I’m originally from England. I don’t say Britain not because I have a problem with it but because it’s more of a political construct than England. Yes, there are probably many arguments against these definitions. For one the North is very different to the South and especially the Southeast. For decades Britain’s Labor Party relied on its ‘Red Wall’, a collection of safe seats in the industrial heartland of England, which incredibly voted for the Tories, giving our Prime Minister or Boris, a massive majority in Parliament.
Parts of England, like Cornwall have never acceded to English rule and going into the county next door, Devon, is often referred to as ‘going to England’. Cornwall was a Celtic province, with its own language which has now died out. The Isle of Man in the Irish Sea was another distinctive Celtic land with its own Parliament, The Tynwald, probably the oldest consecutive parliament on Earth. Manx was the Gaelic language used on Man but again it has largely died out. The six counties of Ulster are part of Great Britain, and distinct from Eire or the Irish Republic. Irish Gaelic is still spoken in Ulster but is not very common. The Protestant majority of Ulster have a distinctive accent and language called Lallans, which is derived from Scotland. The great Scots Poet Robbie Burns wrote in a mix of English and Lallans.

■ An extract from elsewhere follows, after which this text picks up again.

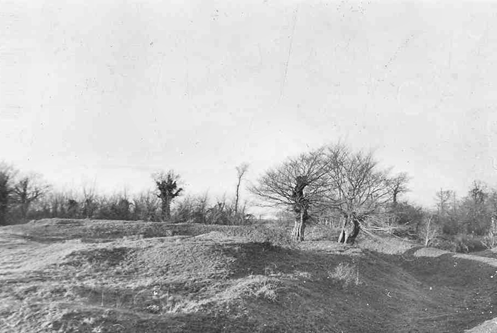 Mais il est bien évident - et il faut le répéter ici pour ne tromper personne - c'est qu'on ne sera définitivement fixé sur l'époque réelle de cette construction et de ce grand fossé de 10 m. de haut en certains points et de 10 m. de large en d'autre, que quand des fouilles importantes auront permis d'étudier la constitution même du formidable amas de terre correspondant au Nord, c'est-à-dire à la partie qui reste du vallum d'origine.

The Celtic margins which border England are Wales and Scotland. Welsh is commonly spoken, especially in North Wales. Scottish Gaelic is spoken by a small number of Scots, more of whom speak various dialects of Lallans. Far to the north are the Orkney Islands and then Shetland, which were Viking Kingdoms and owe more allegiance to Norway, than even the Scots capital in Edinburgh, while London is 800 or so miles away. Tucked under the Normandy peninsula in France are the Channel Islands, known as a Crown Peculiar, and where French was spoken originally, and are largely self governing.
That is only a short tip of the iceberg to the British Isles. Ireland or Eire gained independence from England in 1921 after several centuries of trying to secede. Many Catholics in England usually have Irish or Polish ancestry, though the Polish connection dates from WWII and the 1940s onwards.
I will bore my readers no longer, except to say that a glance at a globe or map showing Britain does not reveal the complexity of the people and places with this archipelago. The governance of Britain has long been a question of divide and rule, and this is not an historical artefact but continues in modern times. Inspirational I suspect for many writers and budding authors.